= Beginning of Section =
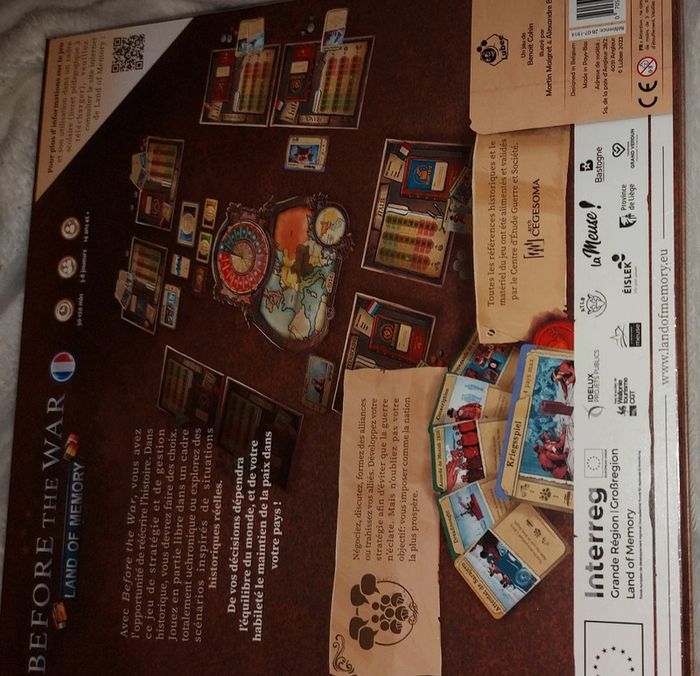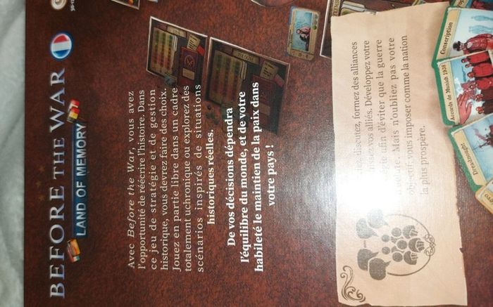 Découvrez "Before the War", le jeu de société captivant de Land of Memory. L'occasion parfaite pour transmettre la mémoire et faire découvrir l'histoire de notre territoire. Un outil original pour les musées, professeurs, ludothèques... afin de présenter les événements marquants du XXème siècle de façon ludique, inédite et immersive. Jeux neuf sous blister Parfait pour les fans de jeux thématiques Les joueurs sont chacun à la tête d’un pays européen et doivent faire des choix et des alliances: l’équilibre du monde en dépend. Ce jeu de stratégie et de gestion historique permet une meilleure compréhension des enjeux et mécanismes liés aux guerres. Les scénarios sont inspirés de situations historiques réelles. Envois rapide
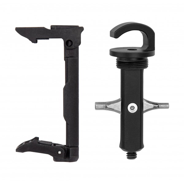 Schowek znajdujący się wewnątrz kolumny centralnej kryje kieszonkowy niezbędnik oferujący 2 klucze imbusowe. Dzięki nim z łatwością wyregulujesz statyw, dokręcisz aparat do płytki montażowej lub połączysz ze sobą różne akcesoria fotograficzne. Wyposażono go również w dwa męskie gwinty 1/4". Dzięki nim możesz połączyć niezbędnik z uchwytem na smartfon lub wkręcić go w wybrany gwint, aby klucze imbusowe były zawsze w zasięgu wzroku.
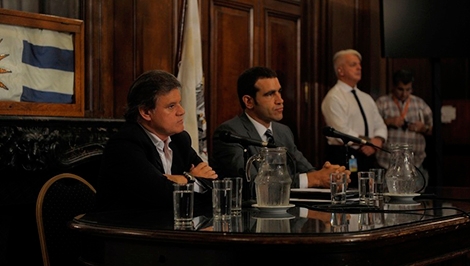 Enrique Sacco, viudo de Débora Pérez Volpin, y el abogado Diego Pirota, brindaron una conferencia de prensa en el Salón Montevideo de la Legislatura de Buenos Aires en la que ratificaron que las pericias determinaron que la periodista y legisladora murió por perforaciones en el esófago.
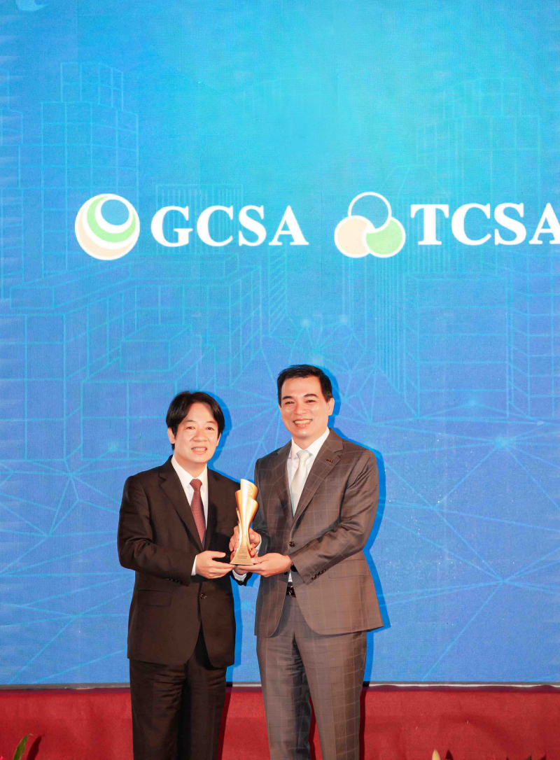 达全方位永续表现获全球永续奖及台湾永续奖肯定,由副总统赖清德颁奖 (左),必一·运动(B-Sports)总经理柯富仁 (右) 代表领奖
= End of Section =
Could you write out verbatim only those lines that run from the line containing "Enrique Sacco, viudo" through the end of the listing above, both included, without the pictures?

 Enrique Sacco, viudo de Débora Pérez Volpin, y el abogado Diego Pirota, brindaron una conferencia de prensa en el Salón Montevideo de la Legislatura de Buenos Aires en la que ratificaron que las pericias determinaron que la periodista y legisladora murió por perforaciones en el esófago.
 达全方位永续表现获全球永续奖及台湾永续奖肯定,由副总统赖清德颁奖 (左),必一·运动(B-Sports)总经理柯富仁 (右) 代表领奖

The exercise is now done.